En una entrevista reciente, el actor y activista cubano Yunior García Aguilera comparte sus experiencias en el teatro, su rol en la oposición y las reformas esenciales para una posible transición en Cuba. Exiliado en Madrid tras amenazas del régimen, enfatiza la importancia de un estado de derecho, orden público y libertad de mercado. García admite errores pasados por falta de preparación política y urge a socializar proyectos concretos para el futuro del país.
Yunior García Aguilera, actor, dramaturgo y activista cubano, se convirtió en una voz visible del movimiento 27N en 2020 y fundó la plataforma Archipiélago, desde la cual convocó a la Marcha Cívica por el Cambio en noviembre de 2021. Tras semanas de vigilancia y amenazas de la Seguridad del Estado, logró salir de Cuba y establecerse en Madrid, donde continúa defendiendo los derechos humanos y usando el arte como herramienta de memoria y resistencia.
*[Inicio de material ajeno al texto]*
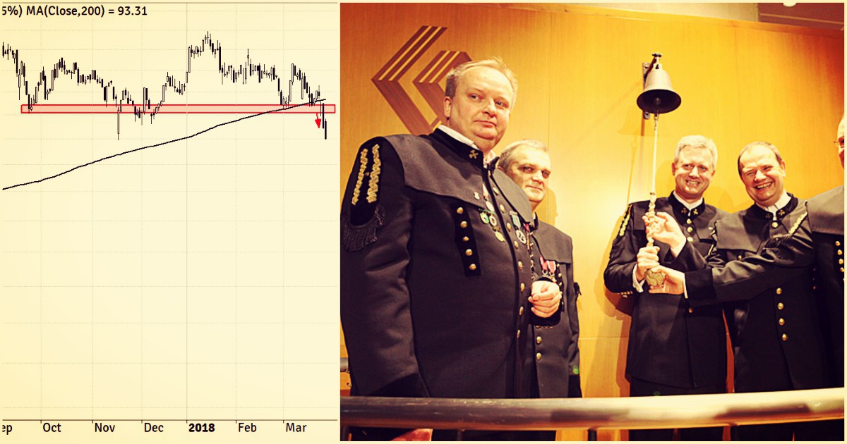 Wystarczy spojrzeć na wykres akcji JSW, żeby dostrzec wygenerowane sygnały prospadkowe. Dwie ostatnie czarne świece przełamały bardzo ważne wsparcie na poziomie 90 zł. Dołem został wybity dwumiesięczny kanał spadkowy. Podczas wtorkowej sesji (27.03.2018) popyt próbował w trakcie sesji powrócić ponad przebity opór, ale w jego pobliżu uaktywniła się agresywna podaż spychająca kurs na nowe lokalne minima i kurs zamknięcia sesji na poziomie 85 zł.

En la entrevista con Julio Antonio Fernández Estrada para El Toque, García reflexiona sobre los obstáculos en el teatro cubano desde la Revolución. Menciona la persecución a figuras como Virgilio Piñera, quien enfrentó a Fidel Castro diciendo 'Tengo miedo', y la censura de obras como Las Siete Contra Tebas en 1968. El teatro, dice, hereda un 'peso de miedo y censura' debido a su poder confrontacional, donde actores y público coinciden en un espacio mágico.
García relata cómo Díaz-Canel asistió a sus obras en Holguín: una comedia, Todos los Hombres son Iguales, y una política, Sangre, que incluía una Dama de Blanco en escena. Admite su ingenuidad inicial al creer en reformas y diálogo, lo que lo llevó a un rol político sin preparación. 'Me aplastaron. Me derrotaron, y lo reconozco', afirma, destacando que las derrotas también construyen.
Sobre su liderazgo en Archipiélago, reconoce errores como suspender contactos con embajadas por temor a críticas en televisión, llamándolo una 'absurdidad política'. En Cuba, faltan líderes políticos experimentados; predominan influencers y líderes de opinión. Para una transición, propone cinco pilares: un estado de derecho con máximas libertades, orden público para combatir el crimen en ascenso, libertad de mercado eliminando empresas estatales socialistas ineficaces, garantías estatales para salud, educación y cultura universales, y sanar la nación deteriorada por la violencia y la descomposición social.
'Cambiar el modelo, con democracia, estado de derecho y libre mercado, mejorará el país, incluso con los líderes más mediocres', sostiene. Urge preparar proyectos concretos, como resolver el problema energético, y socializarlos para disipar miedos de caos post-régimen. En el exilio, se siente un 'cubano crónico', agradecido a España por salvarle la vida, pero añorando sensaciones de su barrio en Holguín. Recuerda su encuentro con Carlos Alberto Montaner, quien optó por eutanasia sin ver la libertad de Cuba.